Les autorités de la Transition ont insufflé un nouveau souffle dans le système éducatif gabonais. En effet, la mise en solde des enseignants, l’exhumation de la bourse au collège et au lycée, en passant par les activités culturelles et les jeux de l’OGSSU, apportent une bouffée d’oxygène à notre système éducatif.

Ce lundi 8 octobre 2024, c’est la philosophie qui était à l’honneur dans le bassin pédagogique du Moyen-Ogooué. En effet, les inspecteurs de philosophie ont organisé une animation pédagogique visant à échanger avec les enseignants sur la leçon de philosophie, c’est-à-dire sa nature, sa structure et ses fins. Pour monsieur NGUEMBI MAVIOGA et madame KENGUE NGUELE, cette rencontre permet de discuter sur les stratégies susceptibles d’améliorer les leçons de philosophie. Pour ce faire, il était donc question de comprendre préalablement ce qu’il convient de considérer comme une leçon de philosophie.

Pour monsieur NGUEMBI MAVIOGA, la leçon de philosophie a pour but de former des penseurs et non des conteurs. Il a insisté sur la nécessité d’amener les élèves à penser par eux-mêmes. Il a par ailleurs rappelé que le rôle de cette discipline en milieu scolaire demeure la formation des citoyens capables de mener des réflexions.

Les encadreurs pédagogiques ont également rappelé que la leçon donnée en classe émanait d’abord de la réflexion de l’enseignant. Les manuels ne devraient donc pas se substituer à cette réflexion. L’enseignant demeure libre dans sa réflexion. Toutefois, cette indépendance ne signifie en aucun cas faire n’importe quoi. Cette liberté doit s’appuyer sur des convictions philosophiques éprouvées.

À propos des manuels et des annales de philosophie qui abondent sur le marché du savoir, les inspecteurs ont attiré l’attention des participants sur les dangers de la superposition ou la juxtaposition des textes ainsi que les débats d’école. Le cours étant disserté, la réflexion de l’enseignant constitue le socle de sa leçon.

En parlant de réflexion, les professeurs ont évoqué la difficulté grandissante pour les apprenants qui peinent à réfléchir par eux-mêmes. Ils n’ont pas manqué de souligner cette aversion pour la lecture qui gagne du terrain chez bon nombre d’élèves. En effet, les élèves lisent de moins en moins. Ce manque de lecture se traduit par une carence chronique en culture philosophique. D’ailleurs, ce problème de lecture ne concerne pas seulement la philosophie puisque le même constat est dressé en français, en économie et en histoire-géographie : les élèves ne lisent plus. C’est peut-être l’occasion d’adresser un appel à la tutelle pour la création de bibliothèques municipales dans toutes les provinces du Gabon.

Pour les inspecteurs, l’animation pédagogique a aussi pour rôle d’encourager les enseignants à concevoir des stratégies pour conduire les apprenants vers la lecture. À cet égard, la mise en place des clubs se présente comme une solution parmi tant d’autres.
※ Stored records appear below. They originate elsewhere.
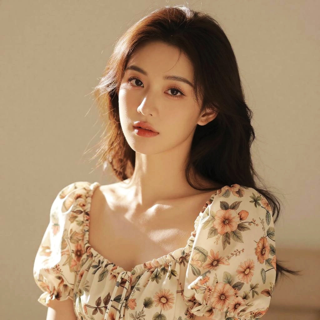 Photograph of an Asian woman with fair skin and long, dark brown hair. She is wearing a floral dress with puffed sleeves and a scoop neckline, adorned with pink and orange flowers. Sunlight illuminates her face, highlighting her soft features and slightly parted lips. Her expression is neutral, and she gazes directly at the camera. The background is a plain, light-colored wall, emphasizing her as the focal point. The image has a warm, natural light and slightly soft focus, giving it a gentle, serene atmosphere.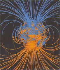 Gezegenimizin manyetik alan şiddetinin yüzeydeki dağılımı. Mavi renk kuzey yönlü, turuncu renk güney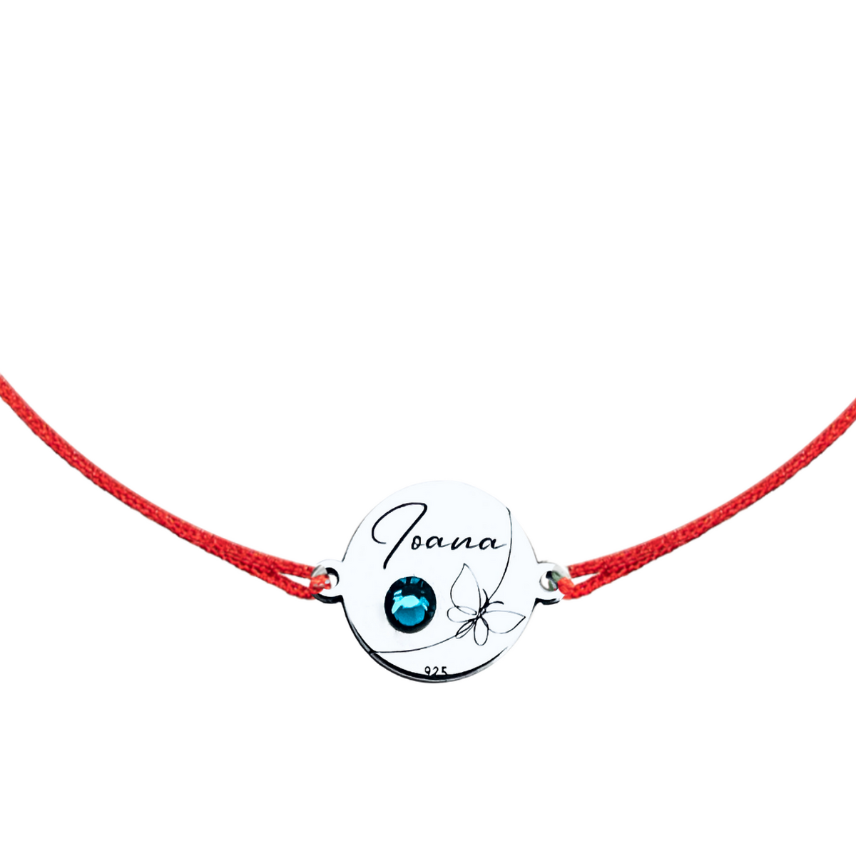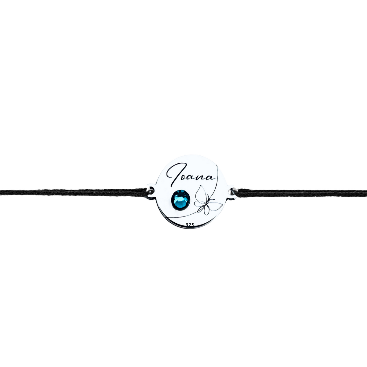 Bratara personalizata argint, snur reglabil si cristal - Nume si Fluturas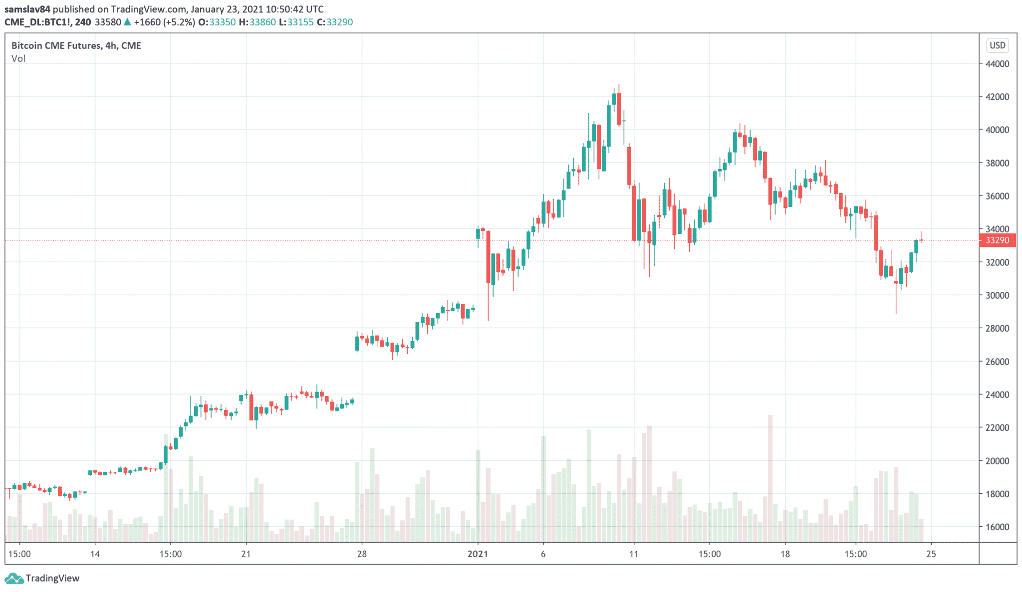 Bitcoin sa v decembri veľmi nezastavoval, takže nie je jasné, na ktorých cenách na nachádza väčšia likvidita, no z grafov môžeme vypozorovať nejaké supporty. Pomôže nám v tom aj graf Bitcoin futures kontraktov burzy CME, kde pozorujeme dva veľké gapy. V prípade, že bude korekcia pokračovať, pravdepodobne vyplníme aspoň ten väčší.

En effet, le caractère ludique des clubs exerce une pression moins grande que le cours dont la simple évocation dune interrogations ne manque pas de cristalliser les craintes.

Notons que l’absence de clubs n’est pas souvent due au manque de volonté des enseignants. Elle est parfois la conséquence des emplois du temps mal ficelés qui offrent aux professeurs une marge de manœuvre presque inexistante. Ces derniers sont quelquefois submergés par les classes supplémentaires qui n’accordent aucun répit à ces acteurs de l’éducation. Pourtant, la création de clubs a le mérite d’amener les apprenants vers une perception différente de la philosophie. C’est aussi un moyen pour eux d’enrichir leur culture philosophique.
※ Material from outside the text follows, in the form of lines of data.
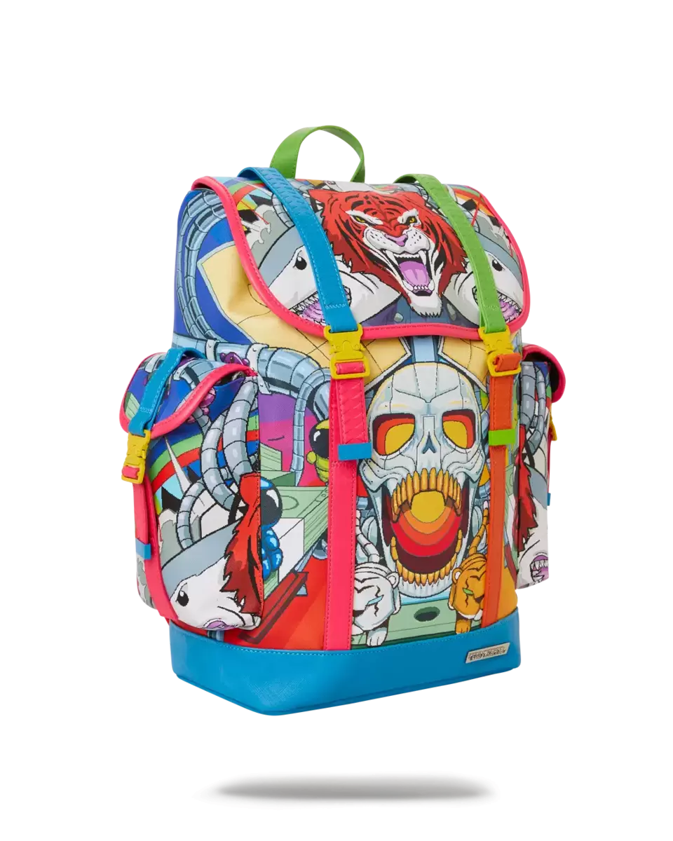 Dimensions: 18″ x 6″ x 11.5″ Top Flap opening w/ adjustable metal enamel buckles and drawstring closure Two side cargo pockets with metal enamel buckles and drawstring closures Zippered Stash pocket Ergonomic mesh back padding Adjustable Straps for custom sizing Embossed logo on back strap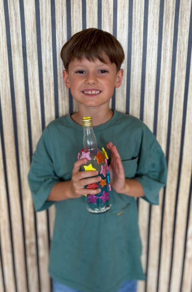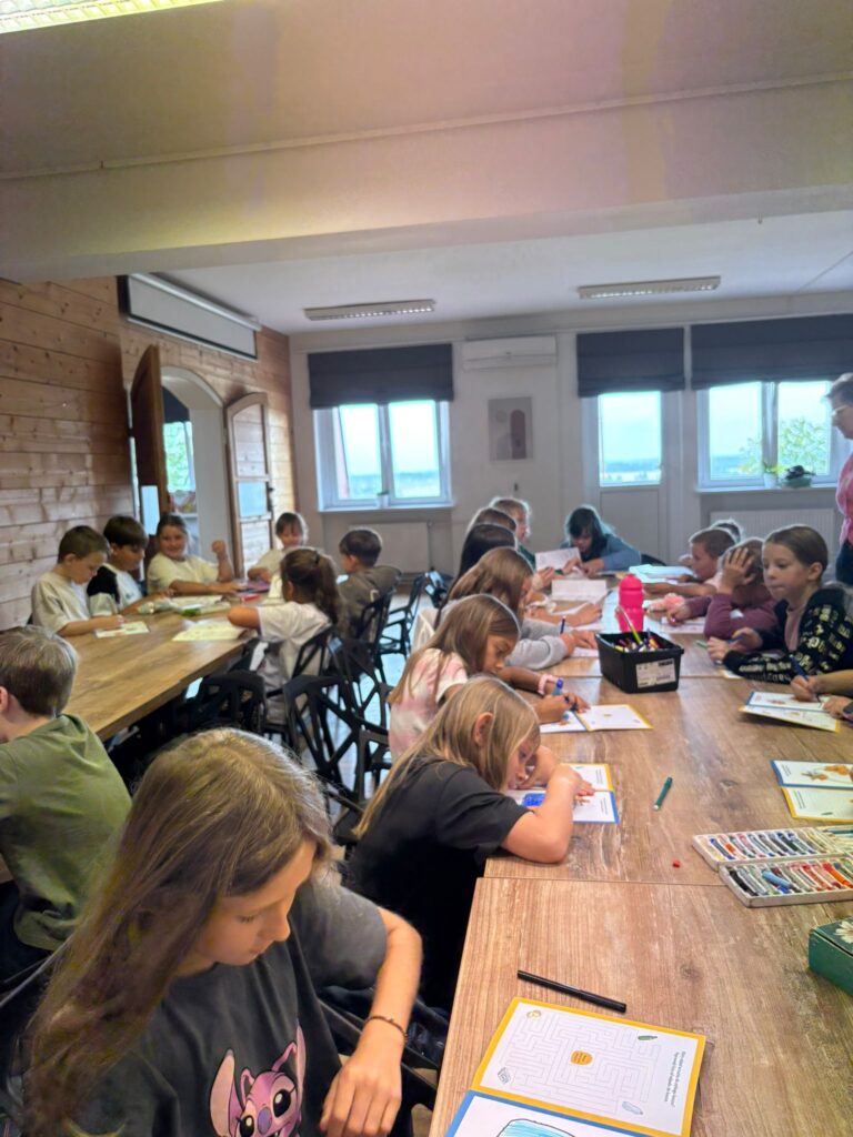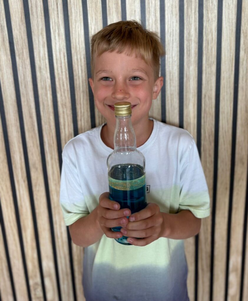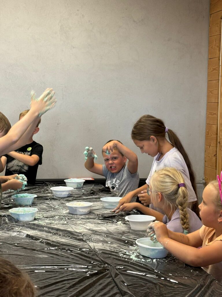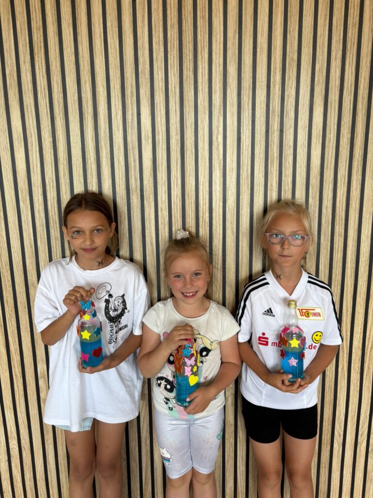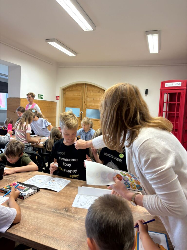 Za nami m.in. przygotowanie plakatów wakacyjnych, „magicznych butelek” 😉, a także zabawy w parku „Ogrody Strzeleckie”. W tym czasie w CK odwiedziła nas także wiceburmistrz Mirelli Grześkowiak, z którą „zaliczyliśmy” cenną lekcję o segregacji odpadów. Oprócz tego pomalowaliśmy wcześniej zrobione z gliny drobiazgi dekoracyjne (samochodziki, postaci z bajek itp.) oraz zrobiliśmy autorskie slimy.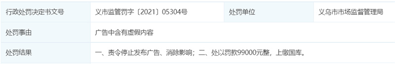 再說(shuō)回瀾庭集本身,在過(guò)往這些年間,圍繞著瀾庭集出現(xiàn)的處罰記錄也一直在疊加,經(jīng)查,瀾庭集(浙江)貿(mào)易有限公司在注銷(xiāo)之前的2021年4月21日就曾因廣告中含有虛假內(nèi)容被義烏市市場(chǎng)監(jiān)督管理局責(zé)令停止發(fā)布廣告、消除影響;處以罰款99000元整,上繳國(guó)庫(kù)。決定書(shū)文號(hào):義市監(jiān)管罰字〔2021〕05304號(hào)。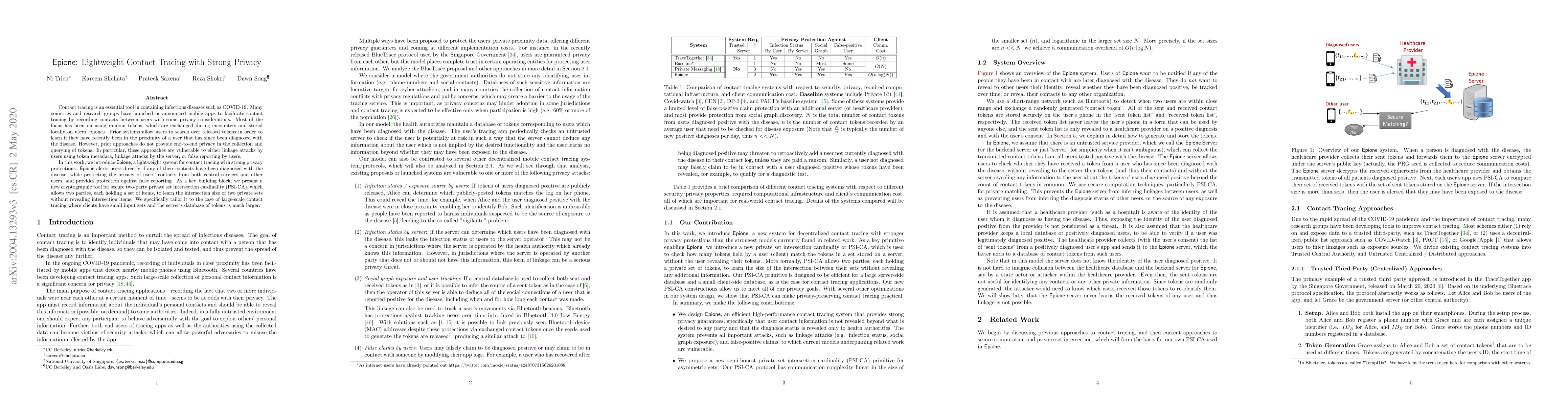 The research introduces Epione, a privacy-focused contact tracing system that directly alerts users about potential exposure to infectious diseases, without revealing contact details to central services or other users. It achieves this using a novel cryptographic tool for secure two-party private set intersection cardinality (PSI-CA), designed for large-scale contact tracing scenarios.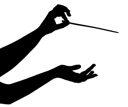 Orchestra conductor's hands holding the baton, leading with precision and passion against dark theater background with a blurred audience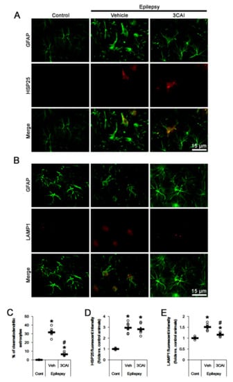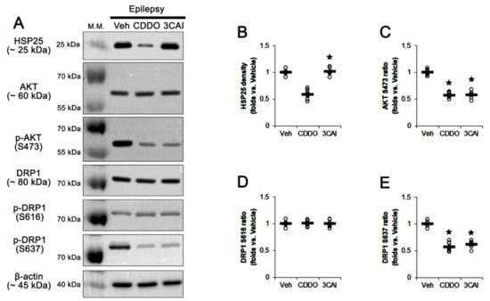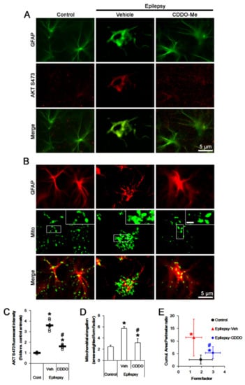 Chicago/Turabian StyleLee, Duk-Shin, Tae-Hyun Kim, Hana Park, and Ji-Eun Kim. 2022. "CDDO-Me Attenuates Clasmatodendrosis in CA1 Astrocyte by Inhibiting HSP25-AKT Mediated DRP1-S637 Phosphorylation in Chronic Epilepsy Rats" International Journal of Molecular Sciences 23, no. 9: 4569. https://doi.org/10.3390/ijms23094569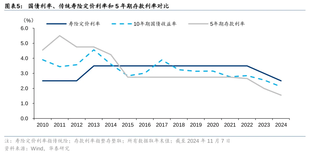 同时, 储蓄险的收益要高于存款。从历史上看,2015年以来,传统险定价利率比5年期存款利率高75-100bps。截至2024年10月末,寿险传统险定价利率为2.5%,比5年期存款利率(1.55%)高95bps,高收益、长期限特征明显。可以说,储蓄类寿险产品是兼具长期和安全特征的零售金融产品。

Les discussions préliminaires ont conduit aux travaux des ateliers sur le thème de l’environnement. Ce thème n’est pas fortuit. Il s’agit d’un sujet d’actualité. Cette question nous démontre que la philosophie n’est pas une discipline opaque, essentiellement tournée vers des idées abstraites, mais qu’elle s’intéresse « au quotidien, à la vie ». Il s’agit de démystifier cette discipline qui semble appartenir à une certaine élite. C’est d’ailleurs l’image entretenue par les apprenants.
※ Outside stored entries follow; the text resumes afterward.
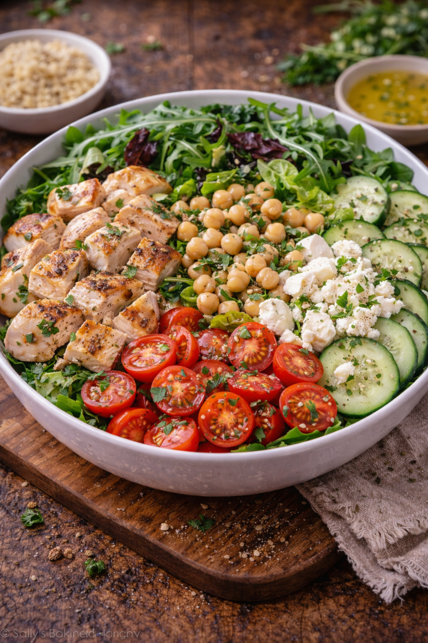 Składniki: Sałatka 300–400 g fileta z piersi kurczaka 120 g miksu sałat/rukoli 1 puszka ciecierzycy (ok. 240 g…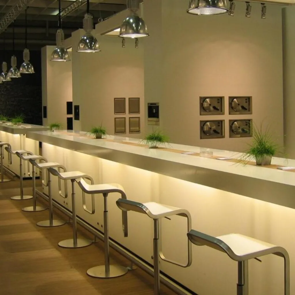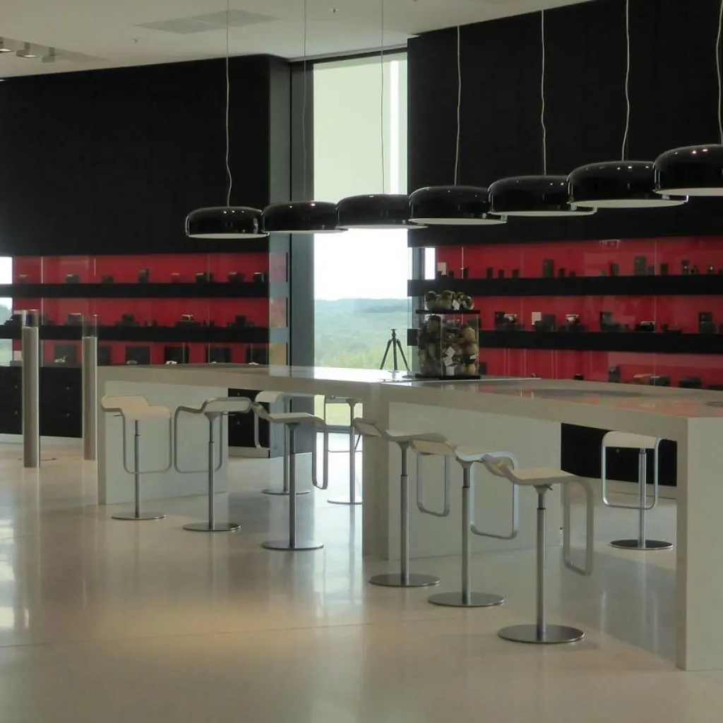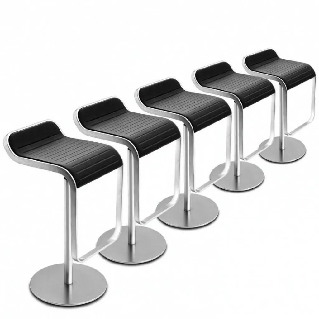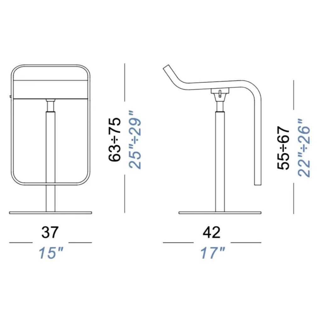 Ähnlich wie ein Raumschiff, bei dem auf unnötigen Ballast verzichtet werden muss, reduziert sich der Entwurf des LEM S79 Barhocker Sitzfläche Eiche 63-75cm auf das Wesentliche. Zum Blickfang wird ein glänzender Rahmen, der sich von der Sitzschale an der Vorderseite nach unten zieht und eine Fußstütze bildet. Das Gestell besteht aus Metall mit einer galvanisierenden matten Veredelung aus Nickel und Chrom. Die runde Metallbodenplatte ist mit Edelstahl Aisi 304 pulverbeschichtet und hat einen Durchmesser von 37 cm. Zur Schonung empfindlicher Böden sind an der Unterseite Filzgleiter montiert. Die Sitzfläche besteht aus Eichenlaminat, dass mit Acrylharz versiegelt wurde.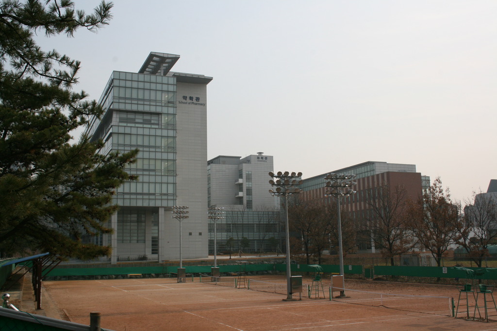 의학관의 반대쪽에는 테니스장과 약학관이 있습니다.

Il faut le dire, nombreux sont les élèves qui estiment que la philosophie reste une discipline scolaire très difficile. Certains la trouvent même impossible à comprendre. Les notes de classe en disent long. Les élèves ont parfois le sentiment que leurs leçons de philosophie échappent au quotidien, voire à la réalité. Comment briser le mur de glace qui sépare les futurs candidats au baccalauréat et cette discipline ? C’est un défi que doivent relever les professeurs de philosophie du Moyen-Ogooué.